SCHF is not only the most common fracture around paediatric elbow but also one of the most challenging to manage because of its associated complication [1-3]. These fractures account for 55% to 75% of all elbow fractures and approximately 3% of all fractures in children [4-6]. This fracture is dealt practically as an emergency with early reduction and stabilisation being the principle for better outcome. There is a spectrum of treatment modalities available for displaced SCHF in literature [7-10]. Closed reduction and percutaneous pinning has gained the universal acceptance, but consensus is yet to be arrived on the best pin configuration [11-13].
Whatever may be the modality, any delay in treatment leads to bizarre outcomes because of various associated complications. In the developing world, disorganised healthcare system, lack of transportation, psychosocial influence of Traditional Bone Setters (TBS), ignorance makes the delayed presentation inevitable. In developing countries, 10% to 20% of patients presented late for treatment [8,14]. Late presentation in SCHF is defined as approximately more than two days after trauma [7]. SCHF on delayed presentation are often difficult to treat because of massive swelling, blisters, poor soft tissue condition and may be associated with various complications, such as neurovascular injury, compartment syndrome. There is high risk of perioperative and postoperative complications such as iatrogenic nerve injury, Volkmann’s ischaemic contracture, cubitus varus deformity, elbow stiffness and myositis ossificans [3,14].
Materials and Methods
A single-centre, retrospective study was conducted between June 2011 and December 2015 in IMS and SUM hospital, SOA University, Bhubaneswar, Odisha, India, and approved by the Institutional Ethical Committee. Total 257 patients operated for SCHF fracture at our institute were reviewed retrospectively. Out of 257 (146 medial-lateral pin, 111 lateral pin) cases, those met our inclusion criteria were included in this study. Data was collected from medical records and image database.

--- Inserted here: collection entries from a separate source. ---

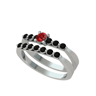 Garnet ve siyah zirkon 14 ayar beyaz altın yüzük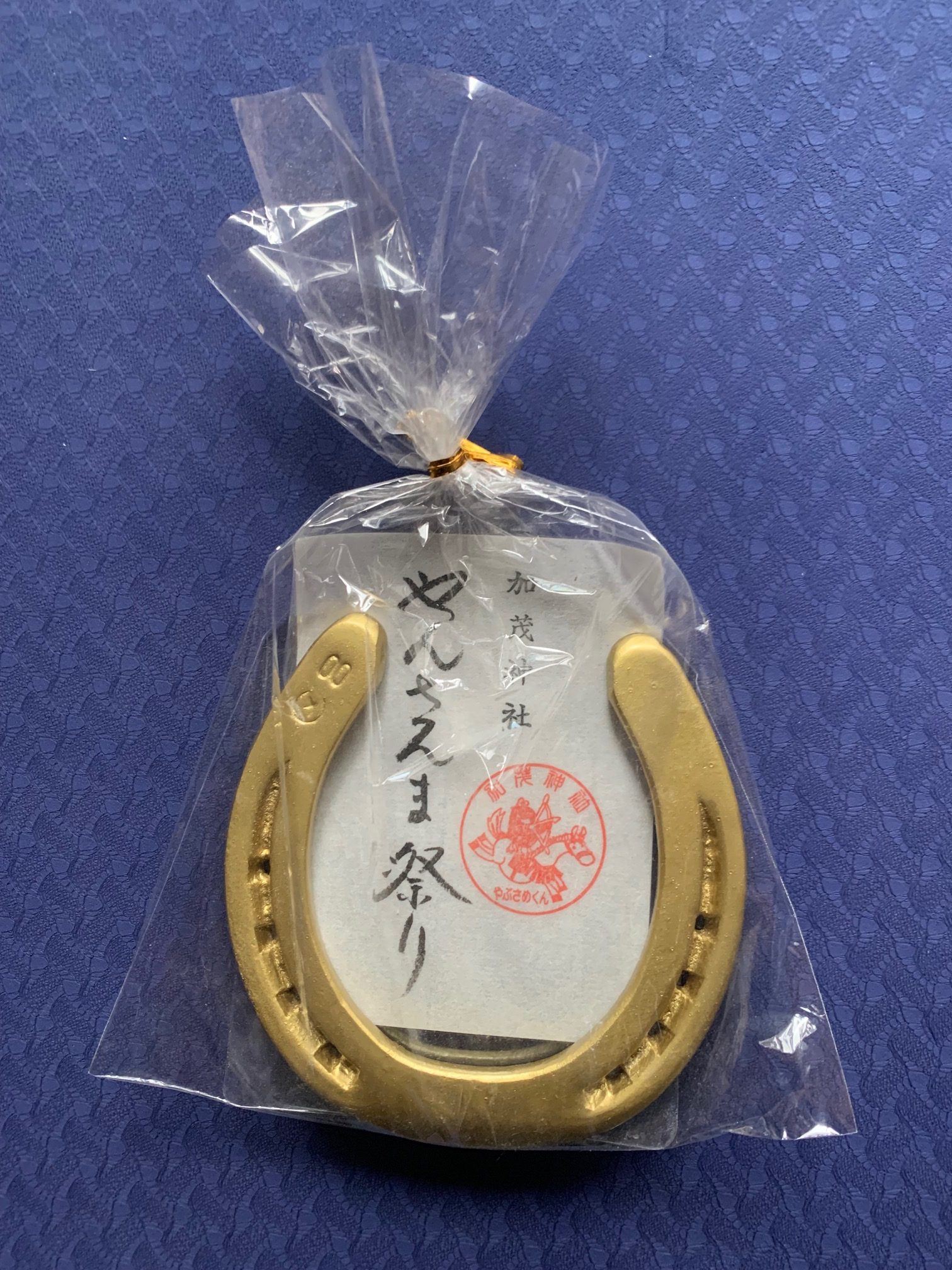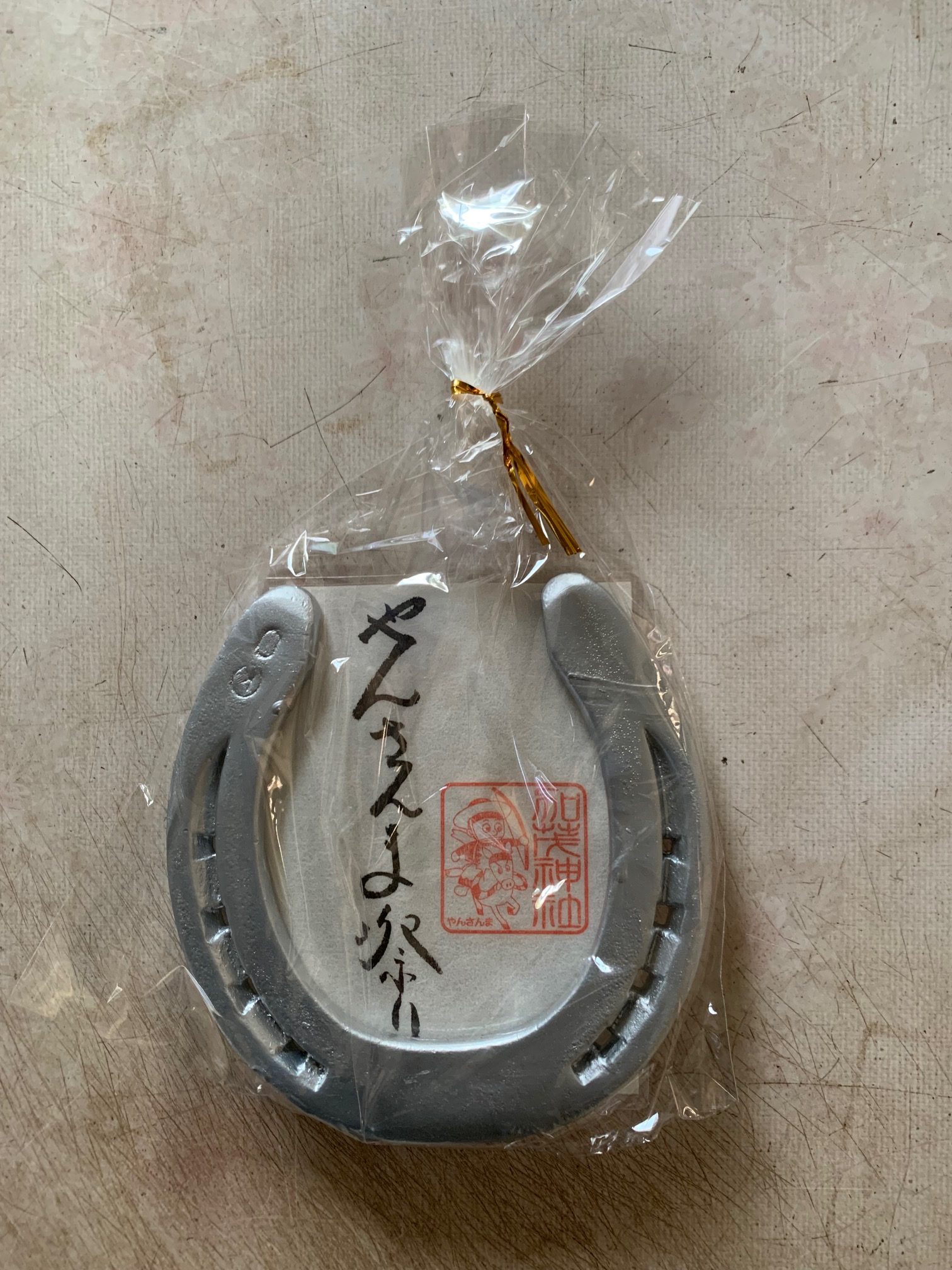 加茂神社では、蹄鉄をきれいに磨いて装飾して頒布しています。数に限りがありますのでお早めにお求めください。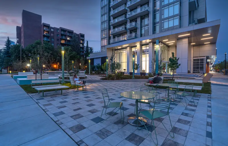 Located in downtown Calgary's bustling Beltline neighbourhood, Lois Szabo Commons is a mixed-use flex space where locals can gather, get active and access the metropolitan area with ease.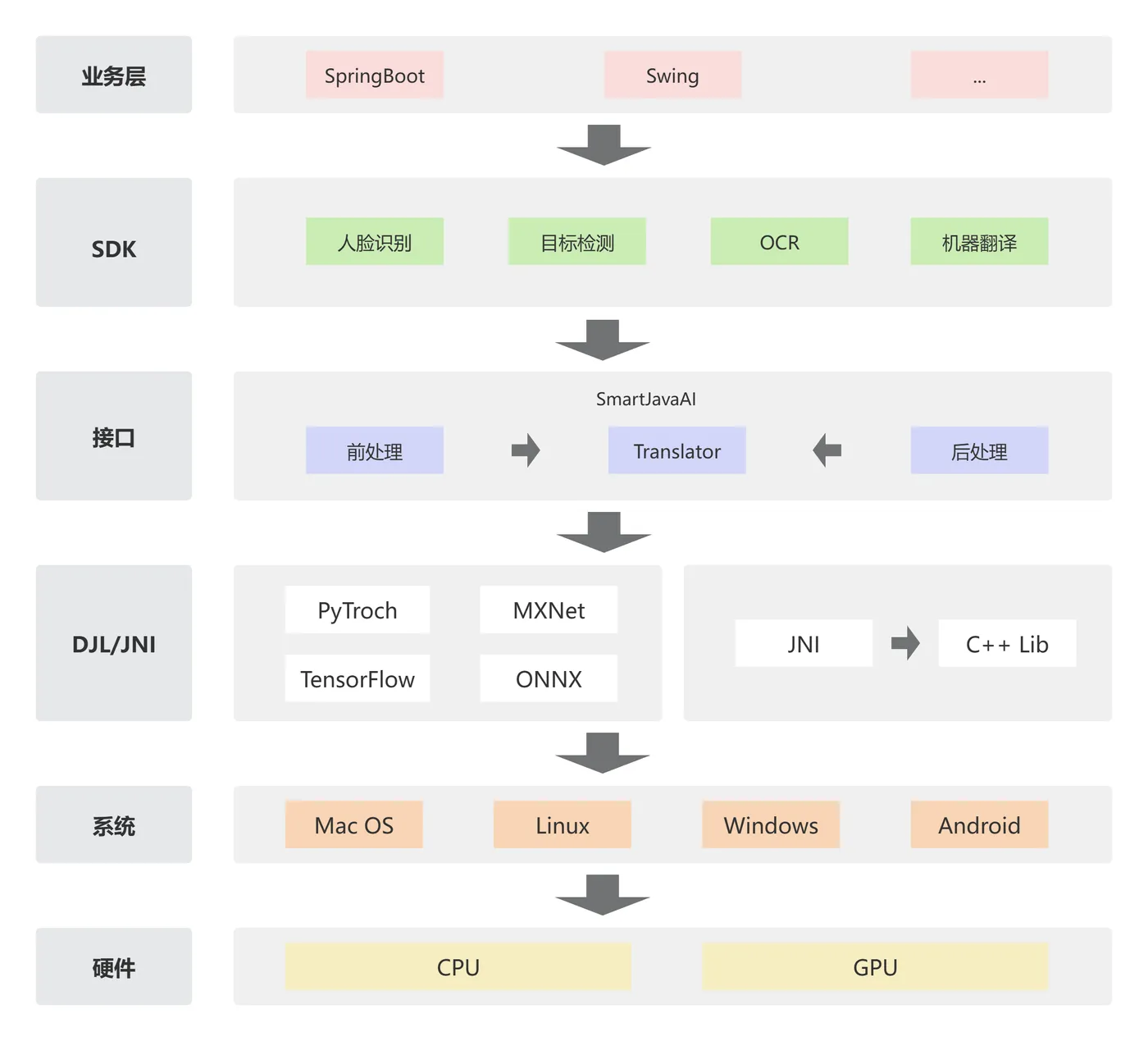 - 引擎层(DJL / JNI):通过 DJL 调用 PyTorch、MXNet、TensorFlow、ONNX 等深度学习引擎;通过 JNI 调用 C++ 算法库。

The Inclusion criteria were age between 2 to 12 years, unilateral fracture, closed Gartland type III SCHF, duration of injury beyond two days and not more than 14 days. The exclusion criteria were age less than two years or greater than 12 years, bilateral fracture, presenting less than two days after the injury, associated injury in the ipsilateral limb, previous fracture in the same limb, open fracture, unsatisfactory closed reduction requiring open reduction, associated neurovascular injury requiring surgical exploration.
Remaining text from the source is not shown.